Sus ojos parpadearon confundidos, y no pudo evitar llamar su nombre.

—Adrik…

Adrik levantó la mirada hacia ella y entreabrió los labios para decir algo, pero no salió una sola palabra.

Leia se preocupó aún más y extendió su mano para colocarla sobre la de él.

—Adrik, ¿dije algo mal?

—preguntó con un tono bajo que él nunca antes había escuchado, y como si saliera de un pensamiento retorcido, la contempló con un rostro menos inexpresivo.

—No, no…

no has dicho nada mal.

—Agarró su mano y la acarició suavemente.

—Es solo que me quedé perdido por un momento al darme cuenta de que compartimos la misma fecha y mes de cumpleaños.

—Sonrió dulcemente y acarició su cabello.

—¿La misma fecha y mes de cumpleaños?

—Leia lo miró interrogante y cuando él asintió, ella rió incrédula.

—Eso es…

imposible.

Adrik levantó una ceja y rió suavemente.

—¿Te mentiría sobre algo así?

—Sonrió con sorna.

—Bueno…

no.

—Ella negó con la cabeza y parpadeó sorprendida.

—Entonces, ¿eso significa que celebramos nuestros cumpleaños el mismo día y mes?

—Sí.

—Adrik apartó un mechón de su cabello tras su oreja y acarició su mejilla.

Leia entreabrió sus labios para hablar, pero una música clásica lenta y repentina resonó, y giró la cabeza rápidamente, solo para que sus ojos se abrieran de shock.

Cerca de las fuentes, bajo las hermosas luces, había compositores vestidos con trajes a juego, tocando sus instrumentos, produciendo música clásica romántica.

Leia dejó caer su mandíbula y movió la cabeza incrédula.

¿Es todo esto real o está soñando?

Esperaba que no fuera un sueño, pero si lo fuera, entonces no quería despertar.

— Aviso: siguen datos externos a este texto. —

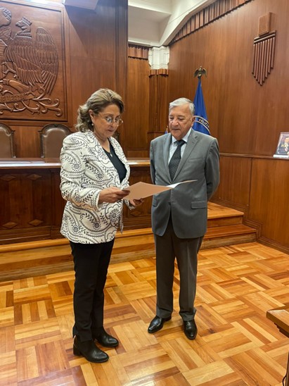 En la ocasión fue recibido por la Secretaria Relatora y Ministra de Fe del Tribunal, señora Carmen Gloria Valladares Moyano, quien en la sala de audiencias del edificio institucional, procedió a hacer entrega del acta.

Lentamente giró la cabeza para mirar a Adrik, y su cabeza se movió con asombro e incredulidad.

—Pellízcame.

—Le dijo a Adrik, y él parpadeó asombrado.

¿Por qué su pequeña esposa le pide que la pellizque?

¿Cree que está en un sueño?

Se rió para sus adentros y se aclaró la garganta para decir algo, pero Leia le dijo de nuevo que la pellizcara.

Él movió sus ojos, y sin elección, la pellizcó y un “¡ay!” salió de la boca de Leia.

—No es un sueño.

—Una expresión de felicidad emergió en su rostro y se giró hacia Adrik para verlo de pie con su mano extendida hacia ella.

—¿Puedo tener este baile, pequeña esposa?